[Data for this task]
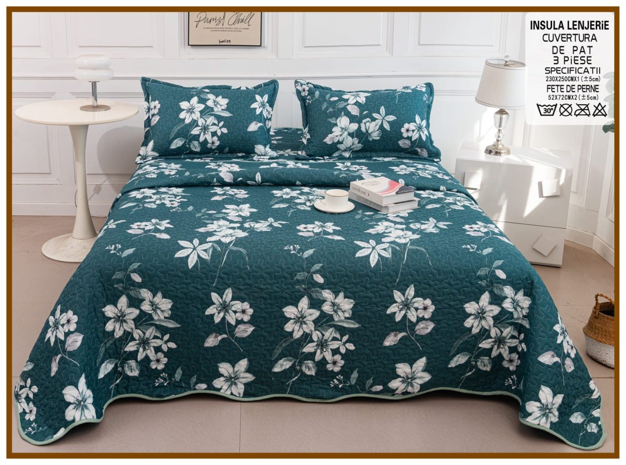 Cuvertura de pat matlasata cu 2 fete diferite, pat dublu, 3 piese, CM050
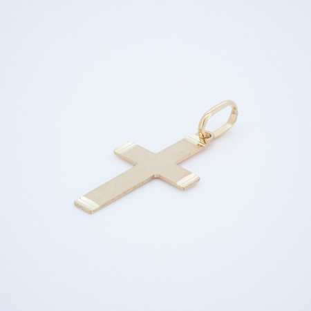 Križ iz rumenega zlata matirane in gladke površine z vtisnjenimi svetlečimi linijami.
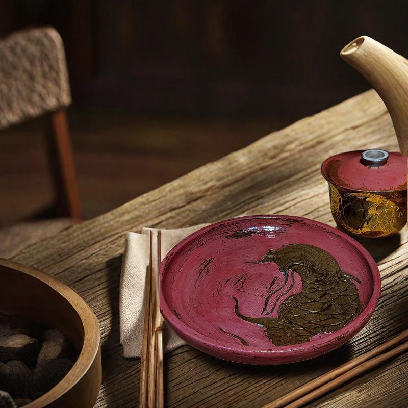 Bát có nắp, bát pha trà gốm thô kiểu Nhật thủ công, bộ trà gia dụng sáng tạo, cốc có nắp, cá rồng vàng, trà màu đỏ rượu
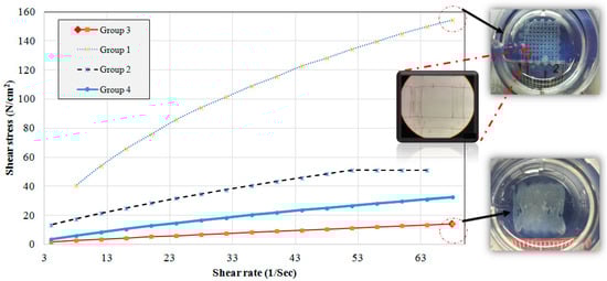 The flow behaviors of groups 1 to 4 were investigated at 37 °C. A Brookfield Ultra III Rheometer with the CP-41 spindle was used for the testing. The shear rate, shear stress, viscosity, and percentage of torque have been measured at various rotational speeds.
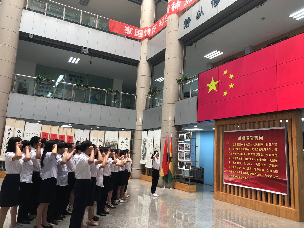 在校史馆,全体教师重温历史,认真了解了陕西工院的历史发展进程、特色文化底蕴和取得的巨大成就;随后,全体教师共同学习了《新时代高校教师职业行为十项准则》和《高等学校教师职业道德规范》;最后,全体教师高唱国歌,在青年教师康瑾老师的带领下整齐肃立,面对国旗进行了庄严宣誓。
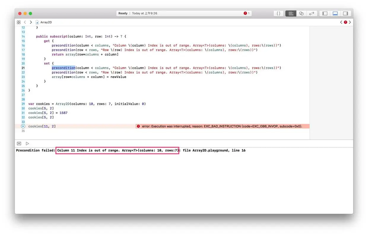 precondition(_:_:file:line:)函数类似assert,满足条件会造成程序的提前终止并抛出错误信息,详细查看官方文档。此处有来表示当下标超过范围的提示,效果如下:
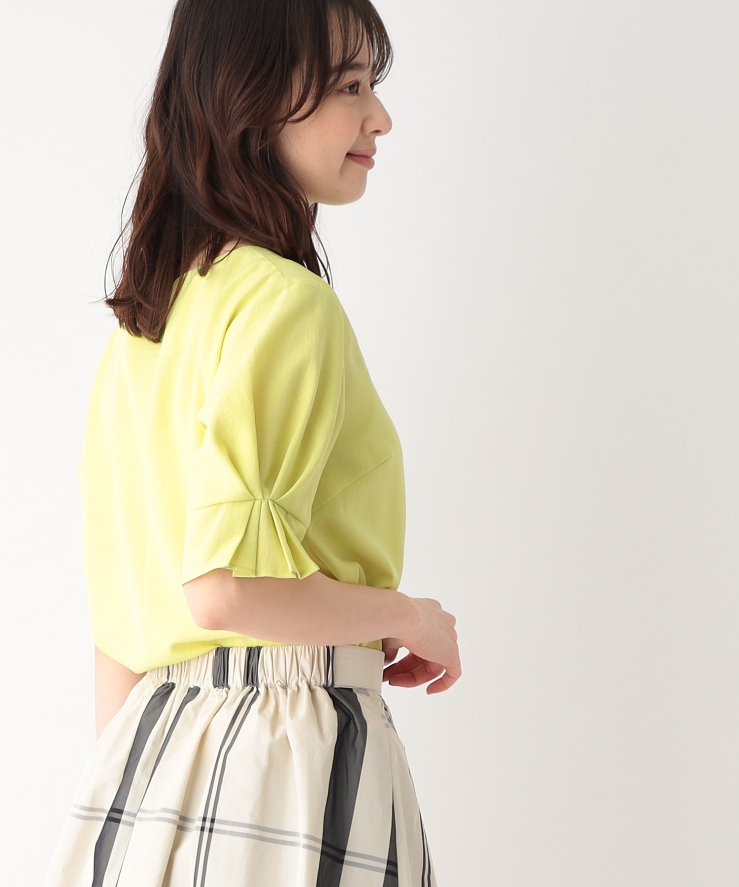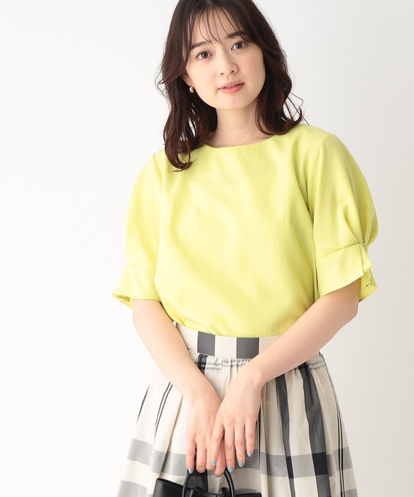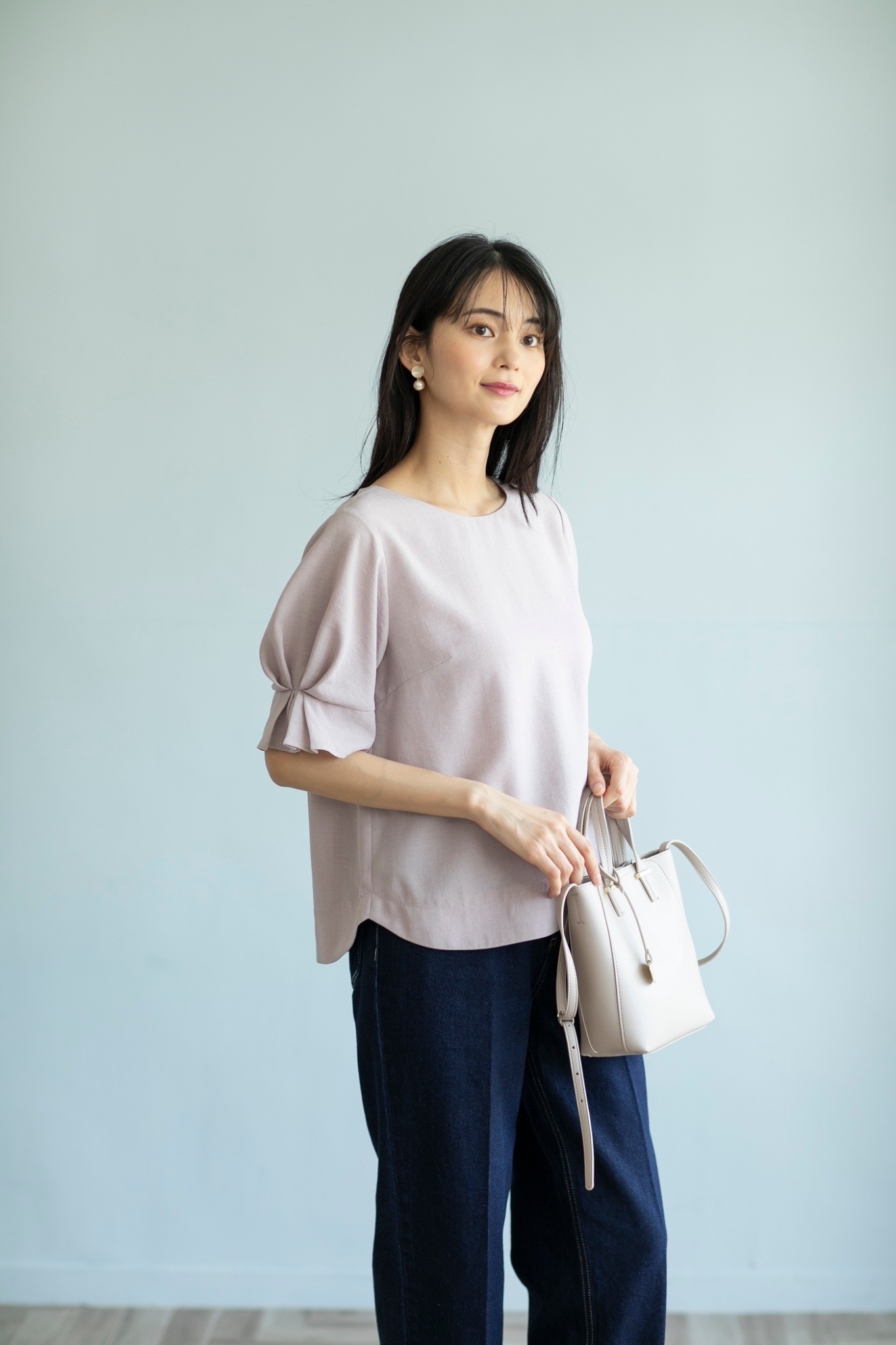 二の腕を柔らかに包むパフスリーブは、袖口にあしらったタックが華やかな印象を与えてくれます。
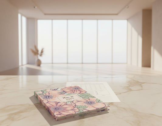 Plan It 2025 Pink and Grey Floral Planner
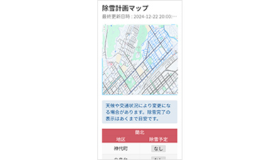 除雪車の位置・状況を除雪進捗をリアルタイムに地図表示。
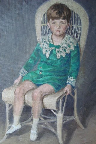 Dreng i grøn dragt og kniplingskrave, siddende i kurvestol, 1914.
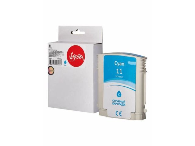 Струйный картридж Sakura C4836A (№11 Cyan) для HP Business Inkjet 1200d/1200dn/1200dtn/1200dtwn/2300/2300dtn/2300n/2800/ 2800dt/2800dtn;Designjet 100plus/110plus nr/110plus/110plus r/111/70;Color Inkjet cp1700/cp1700d/1700ps;Officejet 9110/9120/9130 AIO;Officejet Pro K850/K850dn Color, водорастворимый тип чернил, голубой, 29 мл., 2350 к.
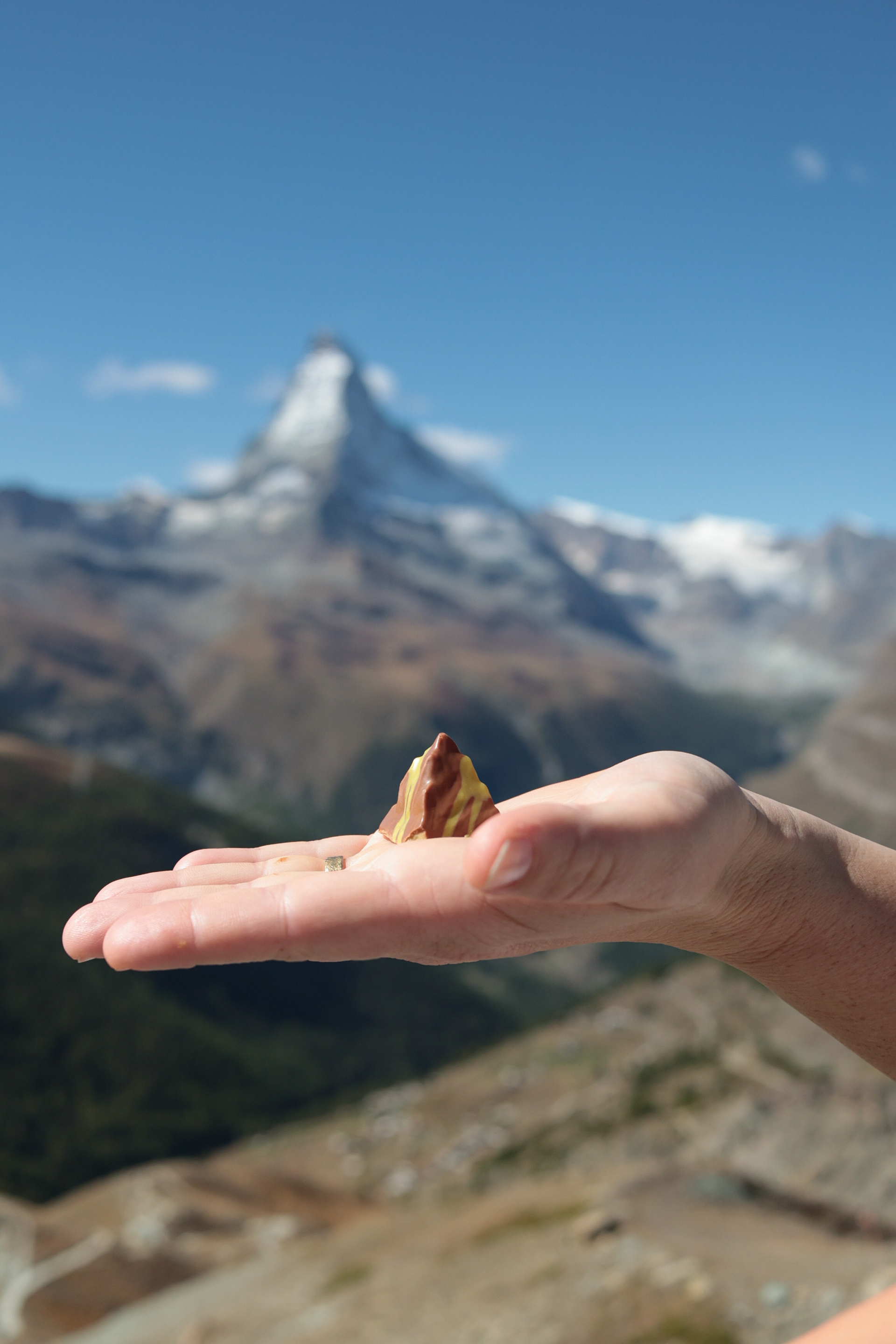 Toblerone-Model, Touristen-Attraktion und Liebling der Schweizer Alpen, - das Matterhorn, von den Wallisern liebevoll "Horu" genannt, strahlt an diesem Samstag in voller Pracht. Wir lassen uns mit dem Touristen-Strom treiben und können es nicht lassen, ebenfalls die Matterhorn-Pralinen zu testen (Dubai-Style nicht zu empfehlen ;)).
[/Data for this task]
Problem details: Transcribe the entries from their first line to the line that holds "Bát có nắp, bát", both included, and skip every picture.

Result of the task:
 Cuvertura de pat matlasata cu 2 fete diferite, pat dublu, 3 piese, CM050
 Križ iz rumenega zlata matirane in gladke površine z vtisnjenimi svetlečimi linijami.
 Bát có nắp, bát pha trà gốm thô kiểu Nhật thủ công, bộ trà gia dụng sáng tạo, cốc có nắp, cá rồng vàng, trà màu đỏ rượu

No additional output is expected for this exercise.